What you have to do:
After dropping the pictures, give again exactly the lines of the data from its first line through the line with "Valaistus - kaksi", which is included as well.

(Source records)
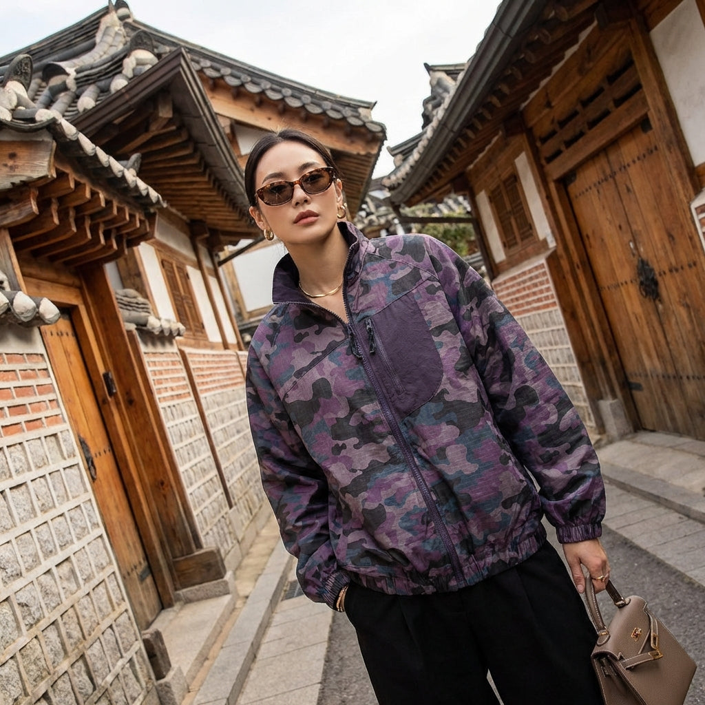 Mit ihren zahlreichen praktischen Taschen und dem robusten Reißverschluss ist diese Camouflage-Jacke das Herzstück für einen Look, der sowohl funktional als auch stylisch ist. Zeigen Sie Ihre Persönlichkeit mit Koreanxwear!
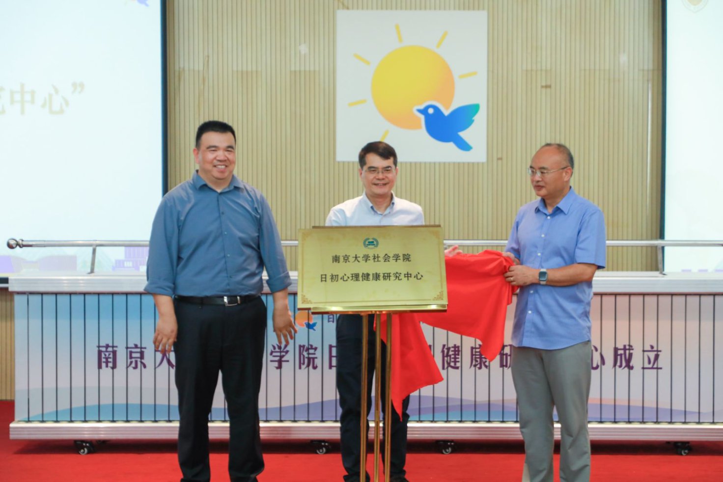 吴愈晓院长、李鸣教授与张海滨先生共同为“日初心理健康研究中心”揭牌,宣告中心正式成立。
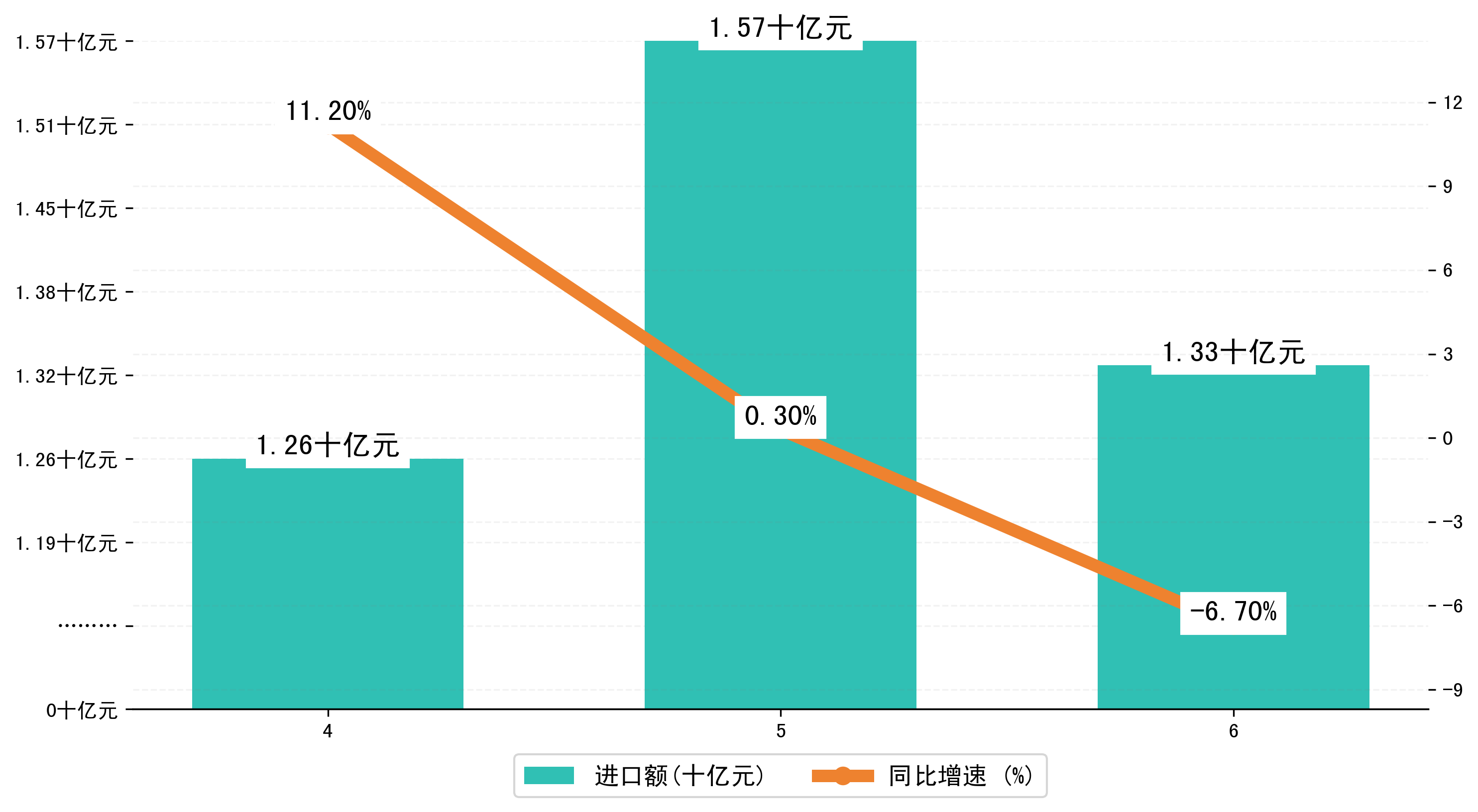 以人民币计,2024年6月马鞍山市进口额为13,2764.4206万元,相比上月减少了2,4562.7239万元;相比上年同期减少了6,9793.6317万元,同比减少了-6.70%。
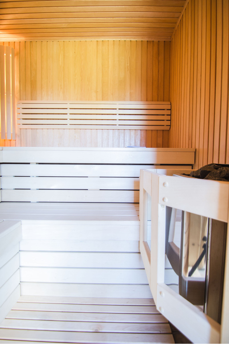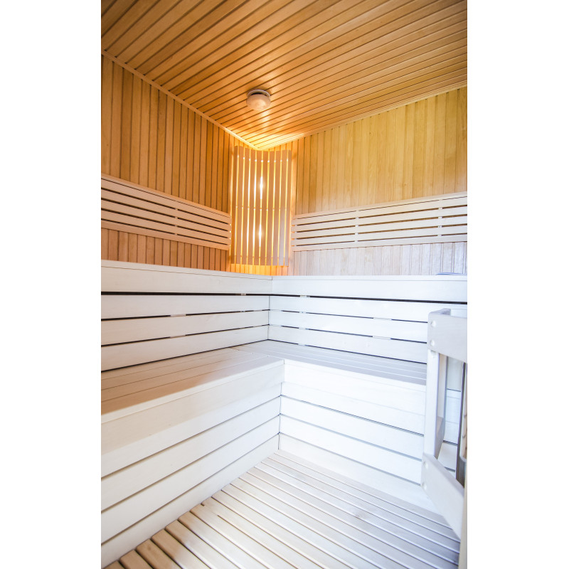 Valaistus - kaksi Harvia-lamppua asennettuna selkänojan alle.
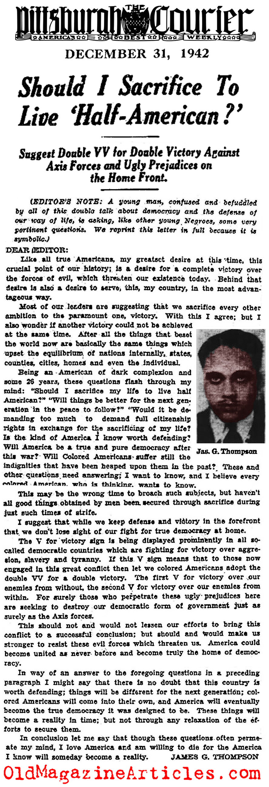 “Should I sacrifice my life to live half American?’ Will things be better for the next generation [of colored Americans] in the peace to follow? ‘Would it be demanding too much to demand full citizenship rights in ex- change for the sacrificing of my life? Is the kind of America I know worth defending? Will America be a true and pure democracy after this war? Will Colored Americans suffer still the indignities that have been heaped upon them in the past? These and other questions need answering; I want to know, and I believe every colored American, who is thinking, wants to know.”
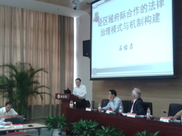2014年7月9日,“国家治理的现代化与软法”国际研讨会在北京大学举行。本次会议由北京大学软法研究中心、北京外国语大学共同主办。第十届全国政协副主席罗豪才教授,国务院法制办公室副主任袁曙宏教授、以及来自德国、加拿大、澳大利亚、全国各高校、研究机构相关研究人员80余人出席会议。我校区域一体化法治研究中心主任石佑启副校长、常务副主任朱最新教授应邀出席。
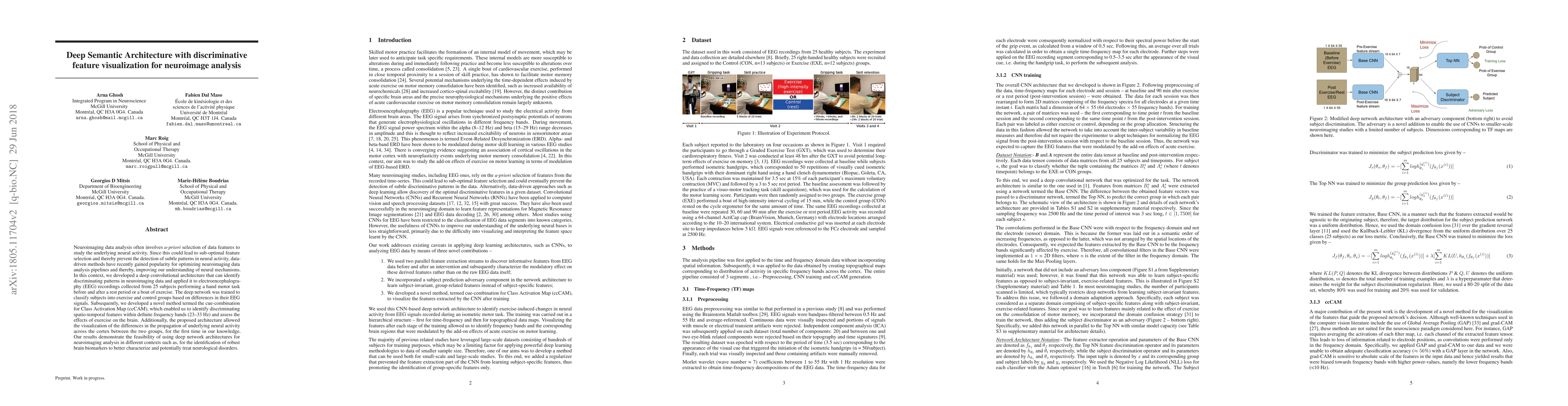 Neuroimaging data analysis often involves \emph{a-priori} selection of data features to study the underlying neural activity. Since this could lead to sub-optimal feature selection and thereby prevent the detection of subtle patterns in neural activity, data-driven methods have recently gained popularity for optimizing neuroimaging data analysis pipelines and thereby, improving our understanding of neural mechanisms. In this context, we developed a deep convolutional architecture that can identify discriminating patterns in neuroimaging data and applied it to electroencephalography (EEG) recordings collected from 25 subjects performing a hand motor task before and after a rest period or a bout of exercise. The deep network was trained to classify subjects into exercise and control groups based on differences in their EEG signals. Subsequently, we developed a novel method termed the cue-combination for Class Activation Map (ccCAM), which enabled us to identify discriminating spatio-temporal features within definite frequency bands (23--33 Hz) and assess the effects of exercise on the brain. Additionally, the proposed architecture allowed the visualization of the differences in the propagation of underlying neural activity across the cortex between the two groups, for the first time in our knowledge. Our results demonstrate the feasibility of using deep network architectures for neuroimaging analysis in different contexts such as, for the identification of robust brain biomarkers to better characterize and potentially treat neurological disorders.
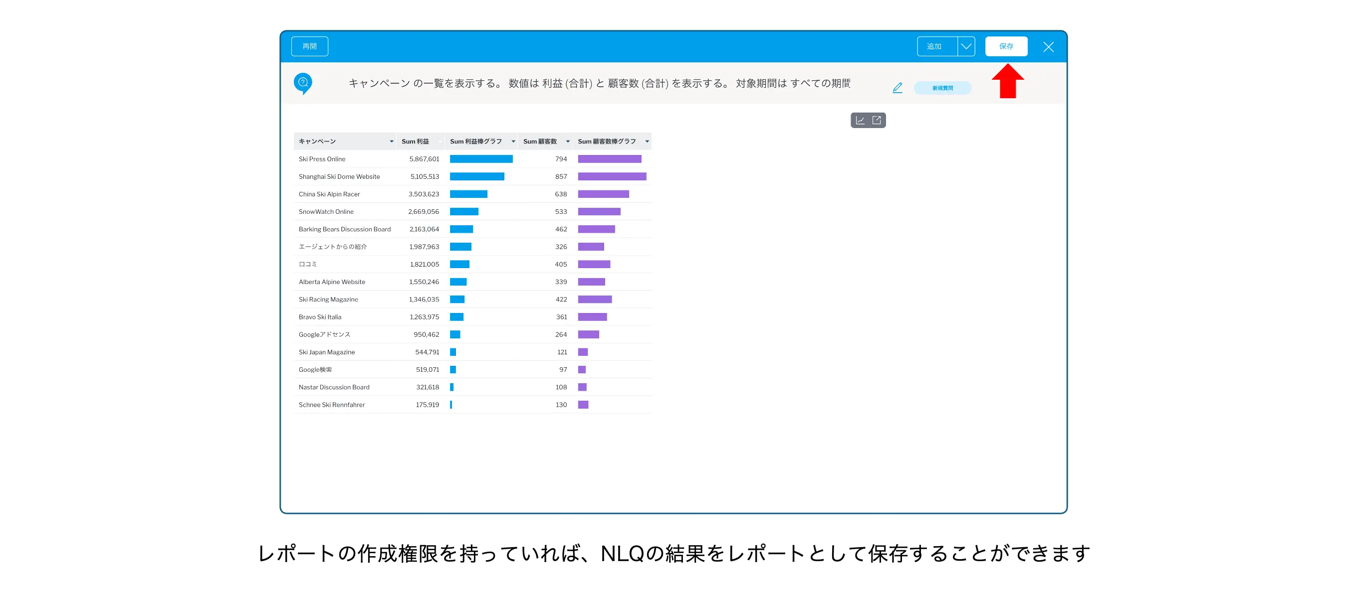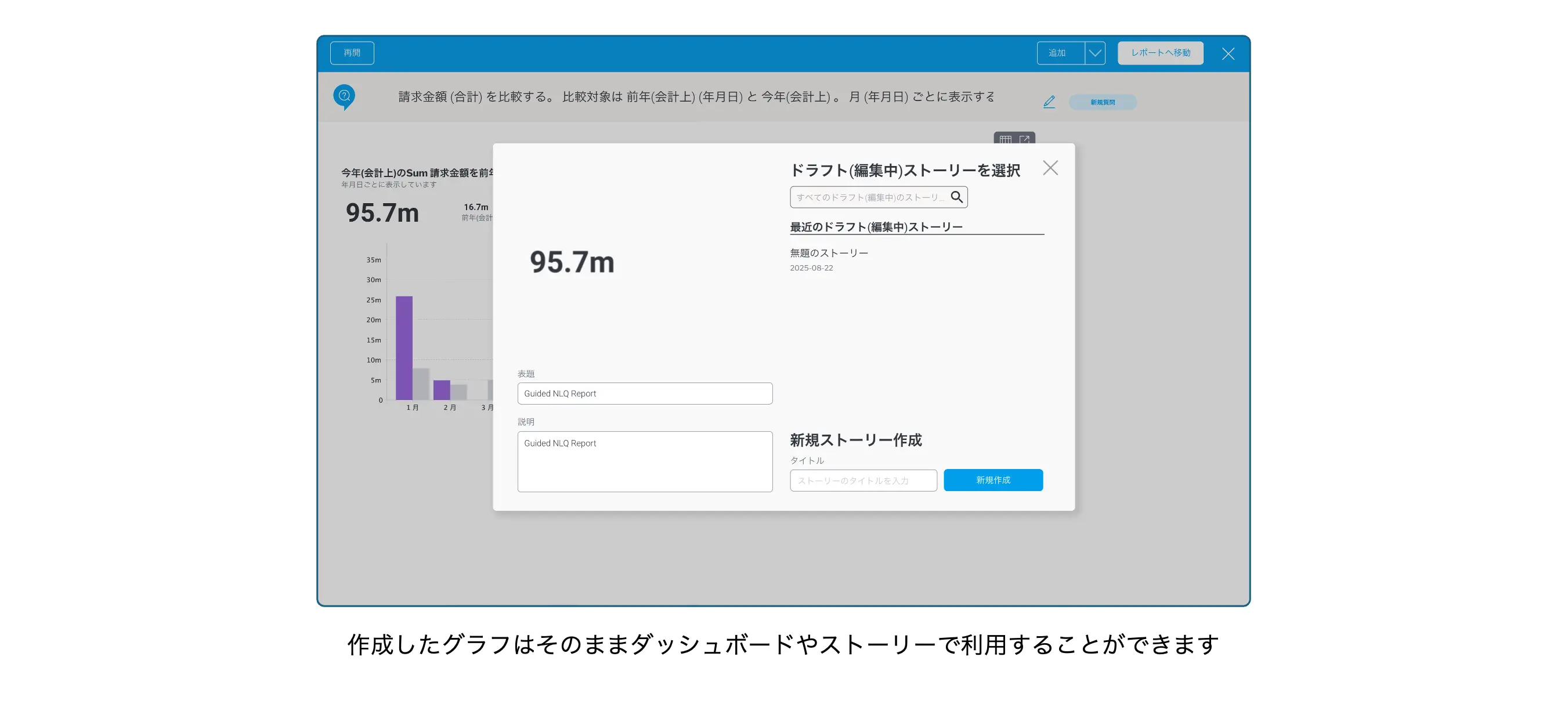 ガイド付きNLQで表示された結果は、グラフの右上のアイコンで表とグラフを切り替えたり、レポートとして開いて編集することもできます。また、右上の「追加」ボタンを使用してダッシュボードやストーリーに直接追加することができます。「保存」ボタンをクリックすると、レポートとして保存することも可能です。

Exercise answer:
 Mit ihren zahlreichen praktischen Taschen und dem robusten Reißverschluss ist diese Camouflage-Jacke das Herzstück für einen Look, der sowohl funktional als auch stylisch ist. Zeigen Sie Ihre Persönlichkeit mit Koreanxwear!
 吴愈晓院长、李鸣教授与张海滨先生共同为“日初心理健康研究中心”揭牌,宣告中心正式成立。
 以人民币计,2024年6月马鞍山市进口额为13,2764.4206万元,相比上月减少了2,4562.7239万元;相比上年同期减少了6,9793.6317万元,同比减少了-6.70%。
 Valaistus - kaksi Harvia-lamppua asennettuna selkänojan alle.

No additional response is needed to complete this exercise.